*Problem description:* Repeat the data verbatim, images excluded.

*Exercise inputs:*
####
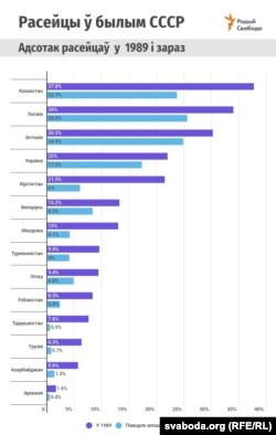 Табліца паказвае, як мянялася доля расейцаў у насельніцтве Беларусі
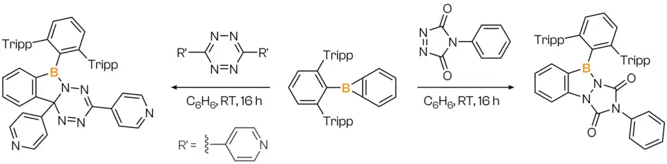 - ^ Sindlinger, Marvin; Biebl, Sonja; Ströbele, Markus; Bettinger, Holger F. (2024). "Formal (2+2) ring expansion prevails over (4+2) cycloaddition of a kinetically stabilized benzoborirene with reactive cycloaddends". Chemical Communications. 60 (73): 9986–9989. doi:10.1039/D4CC02888K. ISSN 1359-7345. PMID 39175434.
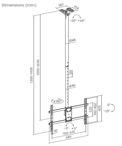 Takfästet är anpassat för TV-skärmar från 37 till 86 tum och klarar en maxvikt på 60 kg. Den teleskopiska höjdjusteringen mellan 1090 och 1690 mm gör det enkelt att anpassa skärmens höjd efter rummets förutsättningar och önskad tittarvinkel. Fästet har dessutom lutningsfunktion från 0 till -25 grader, svängfunktion från +180 till -180 grader och möjlighet till nivåjustering på +3 till -3 grader, vilket ger stor flexibilitet vid installation och användning.
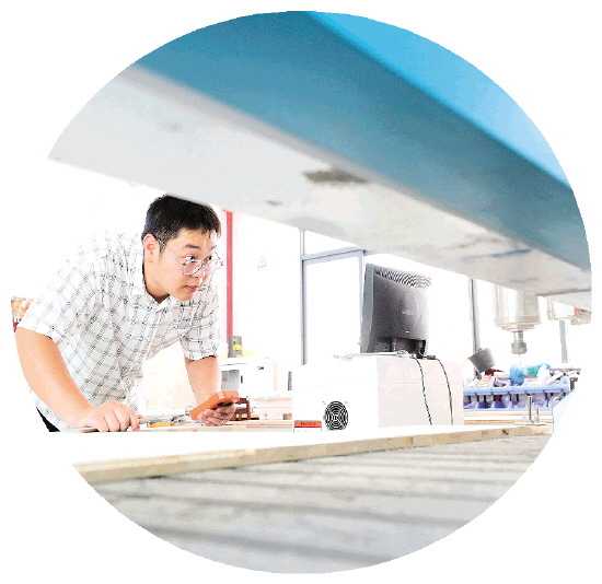 唐昌国老师在科学教研室内琢磨着制作新的教具。
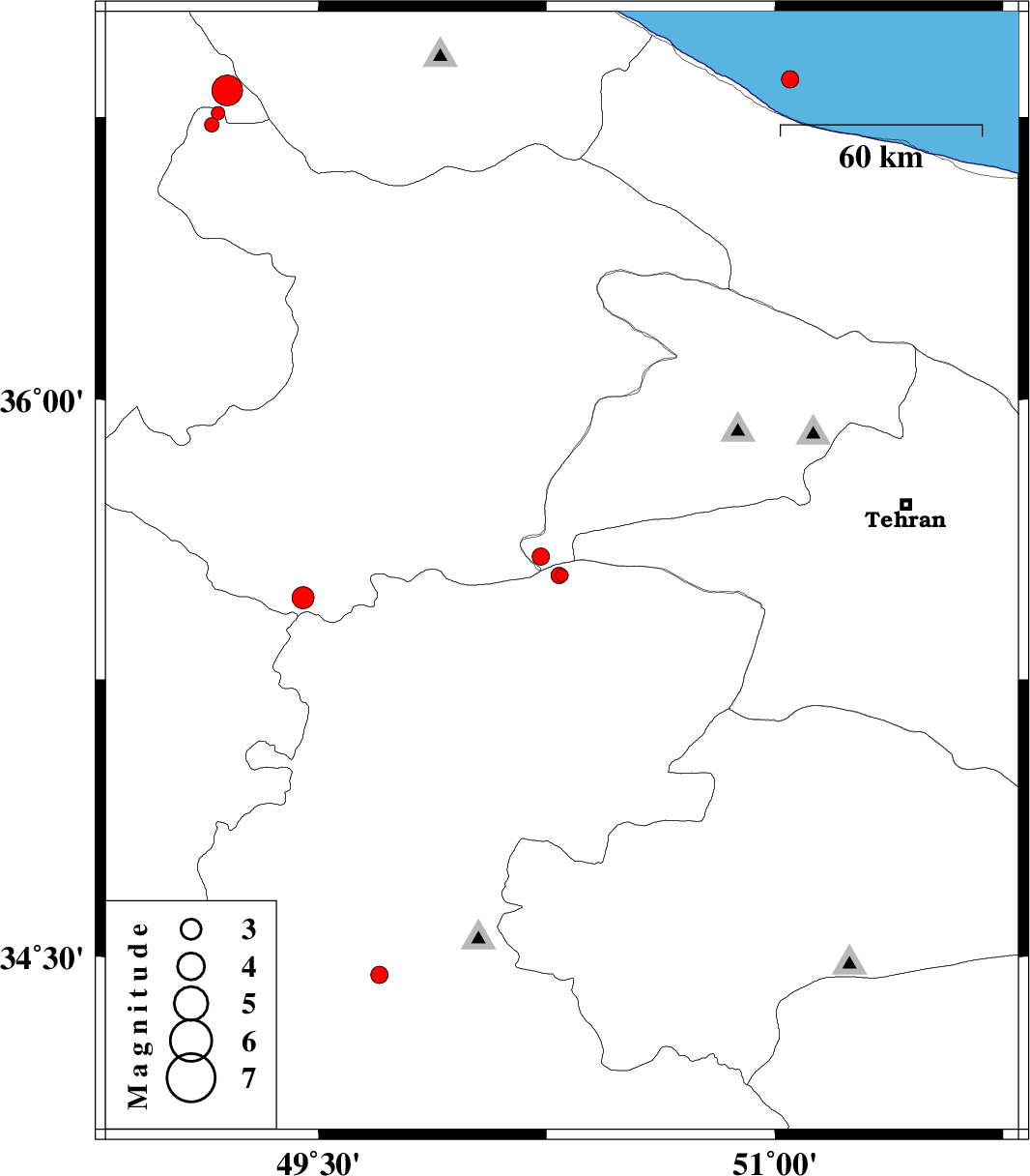 | 2012/03/17 | 01:47:18.1 | 05:17:18.1 | 36.85 | 51.05 | 14 | ML:2.6 | Caspian Sea, 14 km East of Tonekabon |
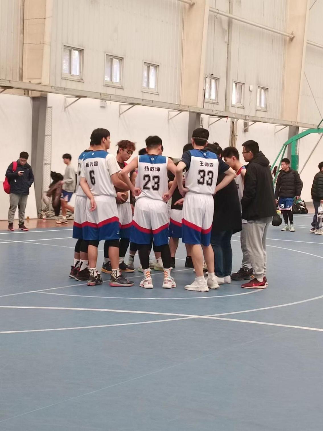 中场休息时,TapTap队员积极制定合理的战术,比赛进入下半场,大家都渐入佳境,各种传球扣篮让人直呼精彩,加油声接踵而至,比赛进入了高潮。对方防守紧密,我方13号宋金灿凭借灵活的身手,将球传给23号张乾坤,并精准投中三分。随后,我方队员默契配合,频繁传球,对方防守不及,我方13号宋金灿再次投中三分,在场的同学们都欢呼雀跃。最后,11号李官栩在重重包围下又进一球。TapTap成功实现反超并持续领先,最终以41:34的比分拿下比赛!
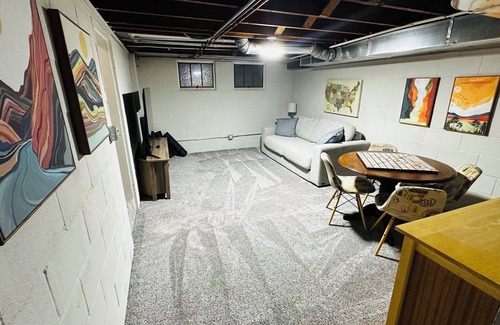 Located just 15 minutes to the airport/Downtown and about a mile to Benson or Dundee in either direction. The house has fiber-optic streaming Wifi combined with a 70” Living Room TV and 65” Basement TV.
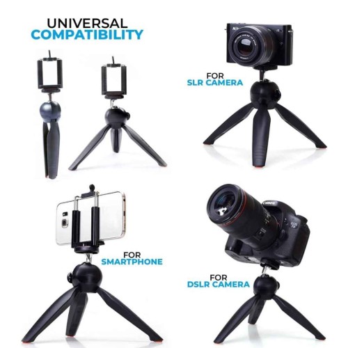 MirgIndia YT-228 Mini Tripod+ Universal Mobile Clip Holder Lightweight Portable for Vlog,Video Shooting,Photography etc Fits for All Mobile Phones,Action & DSLR Camera's - (Black)
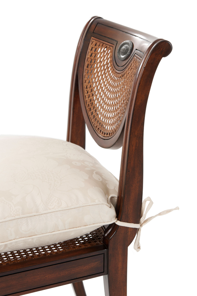 Плетеная спинка создает уютную атмосферу и подчеркивает роскошь этого кресла. Шелковый галстук на подушке сиденья придает ему дополнительный шарм и комфорт.
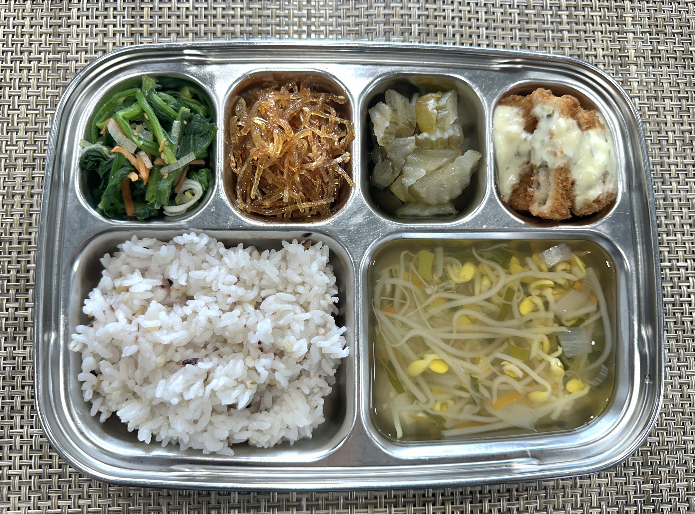 점 심 ~잡곡밥, 맑은콩나물국, 생선까스*타르타르소스, 쥐채볶음, 시금치나물, 오이피클
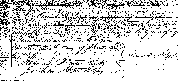 [Note from County Clerk in 1990: "This is the best that we can do - the note is glued to the affidavit of age and I am reluctant to tear these old records apart -- as you can probably tell - parts of the paper have already been lost."]
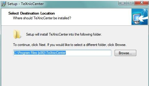 3、选择TeXnicCenter安装位置,默认的是“C:\Program Files (x86)\TeXnicCenter”,想修改点browse
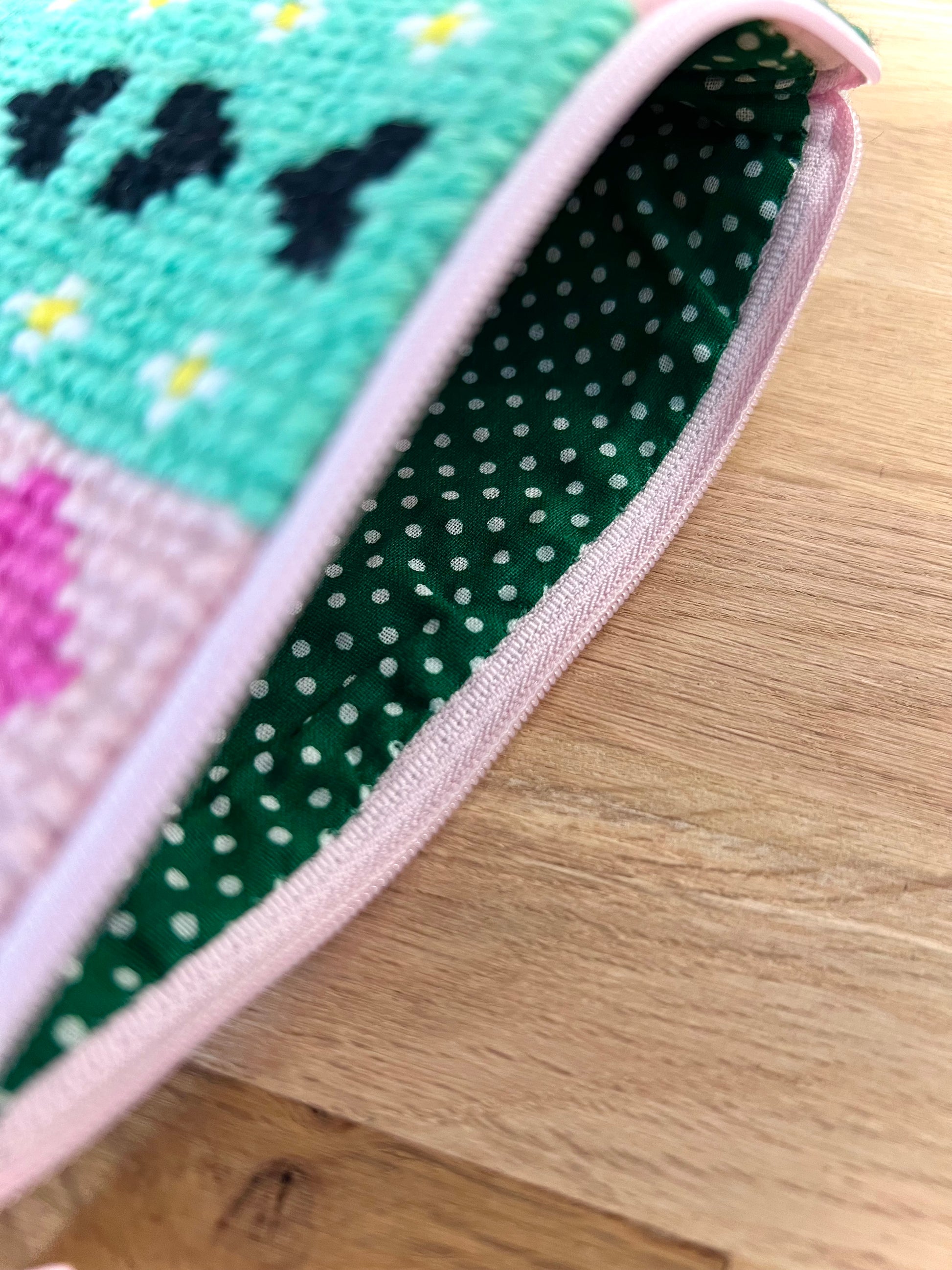 Handgjord unik börs, ”alla hjärtans dag” rosa/grön/gul 18,5x12cm
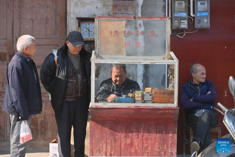 People stand near a watch-fixing stall at a street market at Baipeng Town of Liujiang District in Liuzhou City, south China's Guangxi Zhuang Autonomous Region, Jan. 13, 2026. In recent years, Liujiang District has relied on its thriving rural industries, vibrant agricultural economy and convenient urban transportation network to upgrade and transform local rural markets in a bid to stimulate their vitality.
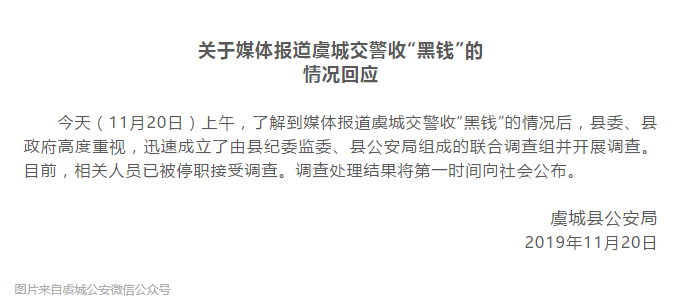 11月20日,砀山、虞城均作出回应,由当地公安局联合县纪委监察委组成调查组,依法严肃处理。其中,河南虞城相关人员已被停职接受调查。
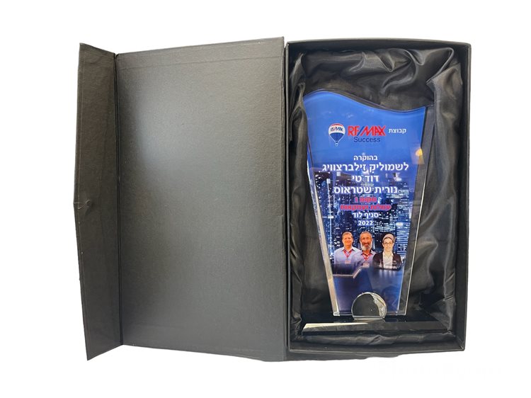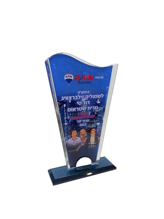 מגן הוקרה עשוי מקריסטל בעובי 10 מ"מ עם בסיס קריסטל שחור והדפסה צבעונית ישירה
####
*Task solution:*
 Табліца паказвае, як мянялася доля расейцаў у насельніцтве Беларусі
 - ^ Sindlinger, Marvin; Biebl, Sonja; Ströbele, Markus; Bettinger, Holger F. (2024). "Formal (2+2) ring expansion prevails over (4+2) cycloaddition of a kinetically stabilized benzoborirene with reactive cycloaddends". Chemical Communications. 60 (73): 9986–9989. doi:10.1039/D4CC02888K. ISSN 1359-7345. PMID 39175434.
 Takfästet är anpassat för TV-skärmar från 37 till 86 tum och klarar en maxvikt på 60 kg. Den teleskopiska höjdjusteringen mellan 1090 och 1690 mm gör det enkelt att anpassa skärmens höjd efter rummets förutsättningar och önskad tittarvinkel. Fästet har dessutom lutningsfunktion från 0 till -25 grader, svängfunktion från +180 till -180 grader och möjlighet till nivåjustering på +3 till -3 grader, vilket ger stor flexibilitet vid installation och användning.
 唐昌国老师在科学教研室内琢磨着制作新的教具。
 | 2012/03/17 | 01:47:18.1 | 05:17:18.1 | 36.85 | 51.05 | 14 | ML:2.6 | Caspian Sea, 14 km East of Tonekabon |
 中场休息时,TapTap队员积极制定合理的战术,比赛进入下半场,大家都渐入佳境,各种传球扣篮让人直呼精彩,加油声接踵而至,比赛进入了高潮。对方防守紧密,我方13号宋金灿凭借灵活的身手,将球传给23号张乾坤,并精准投中三分。随后,我方队员默契配合,频繁传球,对方防守不及,我方13号宋金灿再次投中三分,在场的同学们都欢呼雀跃。最后,11号李官栩在重重包围下又进一球。TapTap成功实现反超并持续领先,最终以41:34的比分拿下比赛!
 Located just 15 minutes to the airport/Downtown and about a mile to Benson or Dundee in either direction. The house has fiber-optic streaming Wifi combined with a 70” Living Room TV and 65” Basement TV.
 MirgIndia YT-228 Mini Tripod+ Universal Mobile Clip Holder Lightweight Portable for Vlog,Video Shooting,Photography etc Fits for All Mobile Phones,Action & DSLR Camera's - (Black)
 Плетеная спинка создает уютную атмосферу и подчеркивает роскошь этого кресла. Шелковый галстук на подушке сиденья придает ему дополнительный шарм и комфорт.
 점 심 ~잡곡밥, 맑은콩나물국, 생선까스*타르타르소스, 쥐채볶음, 시금치나물, 오이피클
 [Note from County Clerk in 1990: "This is the best that we can do - the note is glued to the affidavit of age and I am reluctant to tear these old records apart -- as you can probably tell - parts of the paper have already been lost."]
 3、选择TeXnicCenter安装位置,默认的是“C:\Program Files (x86)\TeXnicCenter”,想修改点browse
 Handgjord unik börs, ”alla hjärtans dag” rosa/grön/gul 18,5x12cm
 People stand near a watch-fixing stall at a street market at Baipeng Town of Liujiang District in Liuzhou City, south China's Guangxi Zhuang Autonomous Region, Jan. 13, 2026. In recent years, Liujiang District has relied on its thriving rural industries, vibrant agricultural economy and convenient urban transportation network to upgrade and transform local rural markets in a bid to stimulate their vitality.
 11月20日,砀山、虞城均作出回应,由当地公安局联合县纪委监察委组成调查组,依法严肃处理。其中,河南虞城相关人员已被停职接受调查。
 מגן הוקרה עשוי מקריסטל בעובי 10 מ"מ עם בסיס קריסטל שחור והדפסה צבעונית ישירה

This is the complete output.